NoSQL & Purpose-Built Databases

Module 11: NoSQL & Purpose-Built Databases

Track 3: Global Scale (6+ YoE)

Relational databases (PostgreSQL, MySQL) are remarkable general-purpose tools. But not every problem is best solved with tables, joins, and ACID transactions. NoSQL databases trade some relational features for specific strengths: massive write throughput, flexible schemas, graph traversals, or sub-millisecond lookups. This module covers each major NoSQL category, when to choose it, and when to combine multiple databases (polyglot persistence).

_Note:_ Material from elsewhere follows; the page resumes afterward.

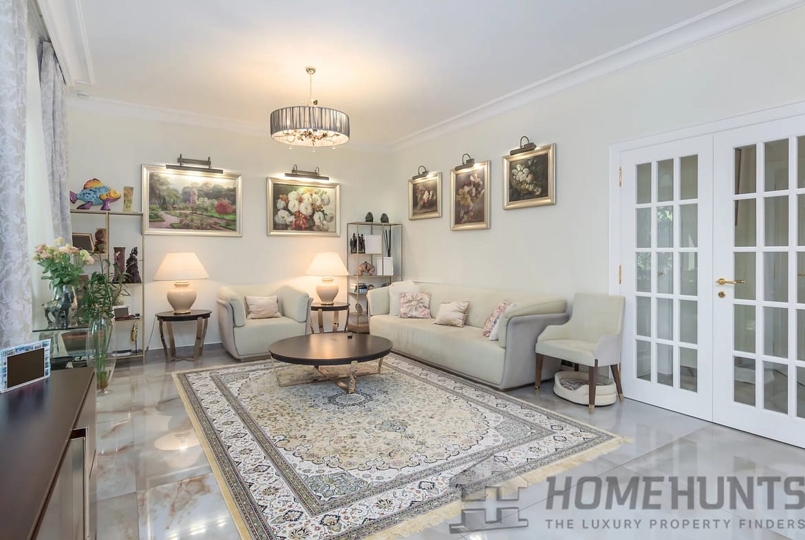 Inside, the villa offers a spacious living space, including a large living room with a covered terrace, a fully equipped modern kitchen, a comfortable bedroom as well as a majestic master bedroom with dressing room and a large bathroom including a sauna.
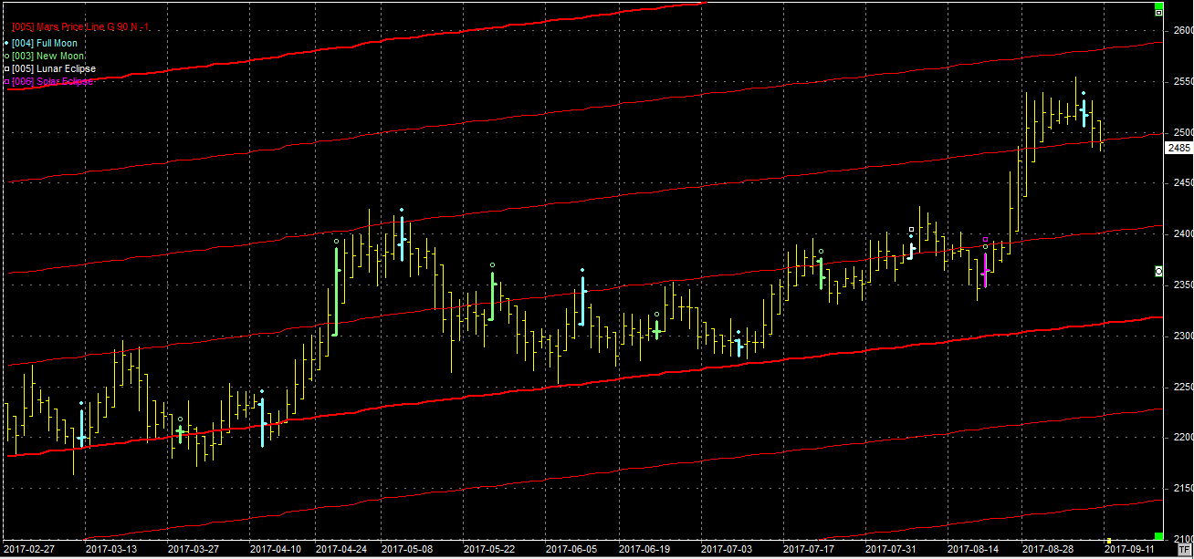 Na wykresie z liniami Marsa mamy wyjście ponad opór na poziomie 2480 pkt., który obecnie jest już na poziomie 2500 pkt. (ruch prosty Marsa powoduje podniesienie linii). Wg mnie wyjście nie jest na razie oczywistym przebiciem i powinno być jeszcze przetestowane od góry. Dobrym do tego momentem będzie środa 06.09.17, kiedy to mamy pełnię Księżyca. Dobre miejsce na wyznaczenie dołka korekty testującej przebity opór.

Why Not Just Use Postgres?

PostgreSQL can handle an astonishing range of workloads — JSONB, full-text search, pub/sub, even time-series with TimescaleDB. But it has fundamental limitations at extreme scale:

Write scalability: PostgreSQL has a single leader for writes. At millions of writes/sec, you need multi-leader or leaderless replication — which relational databases weren't designed for.
Schema rigidity: ALTER TABLE on a 500M-row table can lock it for minutes. If your data model evolves rapidly (e.g., user-generated content, IoT events), a schemaless store is faster to iterate with.
Access patterns: If you always read by primary key and never join, you're paying the overhead of a relational query planner for nothing. A key-value store is 10x simpler and faster.
Specialized queries: Graph traversals (6 degrees of separation), geospatial nearest-neighbor, full-text relevance ranking — each has purpose-built databases optimized for that specific operation.

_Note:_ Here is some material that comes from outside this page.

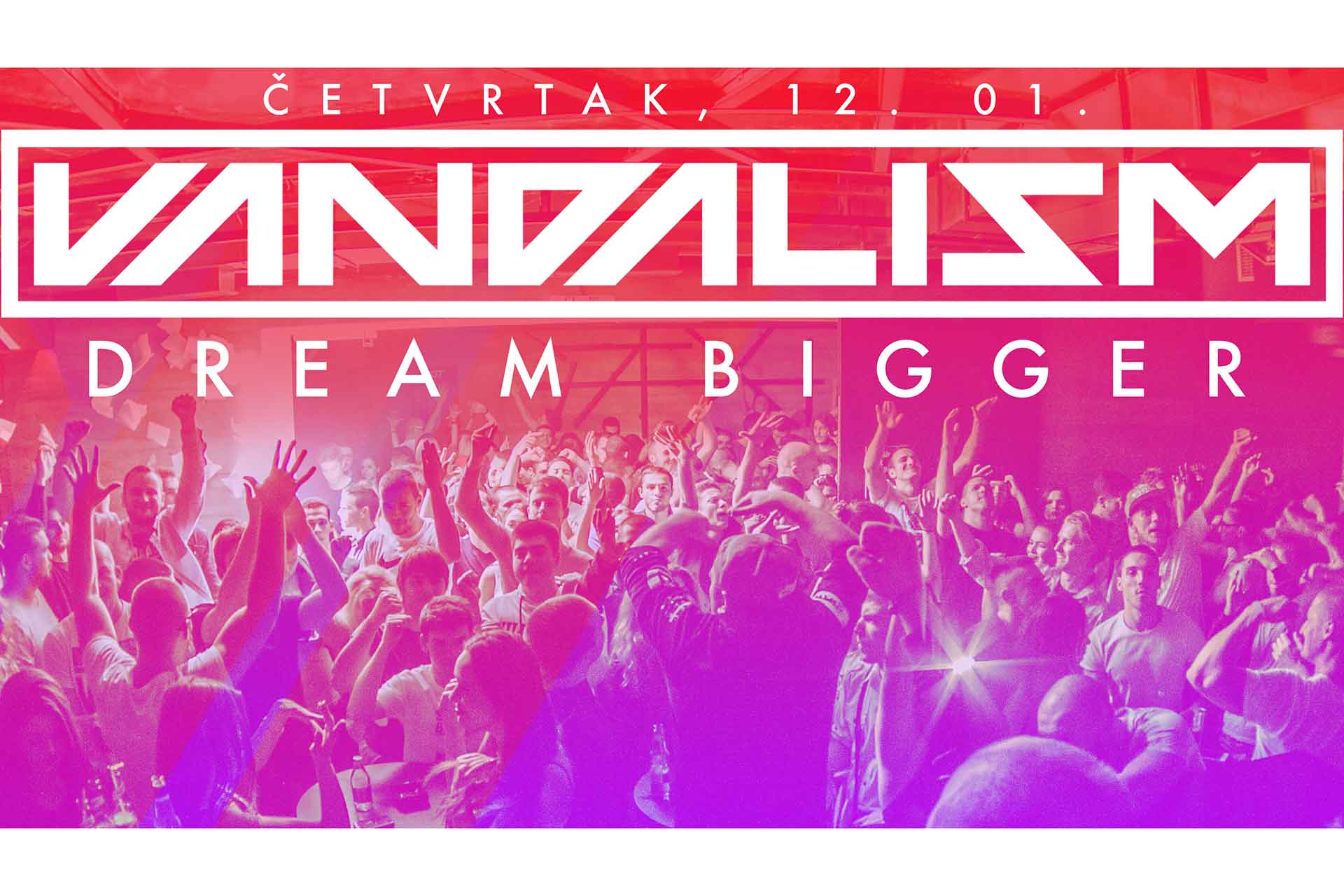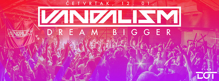 Prvi Vandalism u 2017. godini održaće se u četvrtak 12. januara na već svima dobro poznatoj lokaciji, u klubu Dot (Francuska 6). Ekipa Vandalism-a je odlučila da novu godinu započe na taj način što će po prvi put ugostiti najtraženiji Trap duo na ovim prostorima, Wreckage, u čijem su sastavu dva beogradska DJ-a i producenta, Architect i TML. Iako će oni biti iznenađenje većeri, Vandalism neće zapostaviti pravac koji forsira od samog početka, zato će rezidenti Vandal Steve i Cavin Viviano u svom vrlo prepoznatljivom stilu razdrmati publiku najvećim Progressive House hitovima, dok će mladi Milhouse biti podrška i otvoriti to veče. Naravno, i ovoga puta smo vam spremili mnoštvo iznenađenja poput Co2 topova, konfeta, a svratiće i Deda Mraz.

The Default Answer Is Still Relational

Start with PostgreSQL until you have a specific reason not to. Most applications never outgrow a well-tuned relational database. NoSQL is for when you've identified a specific access pattern or scale requirement that relational databases can't efficiently support.

Document Stores

Store data as self-contained JSON/BSON documents. Each document can have a different structure — no fixed schema. Queries can filter on any field, including nested objects and arrays.

MongoDB

The most popular document database. BSON storage, rich query language, aggregation pipeline, multi-document ACID transactions (since v4.0). Sharding via mongos router.

Best for: Content management, user profiles, product catalogs, real-time analytics, rapid prototyping.

CouchDB / PouchDB

Built for offline-first architectures. Automatic conflict resolution with multi-version concurrency. PouchDB runs in the browser and syncs with CouchDB when online.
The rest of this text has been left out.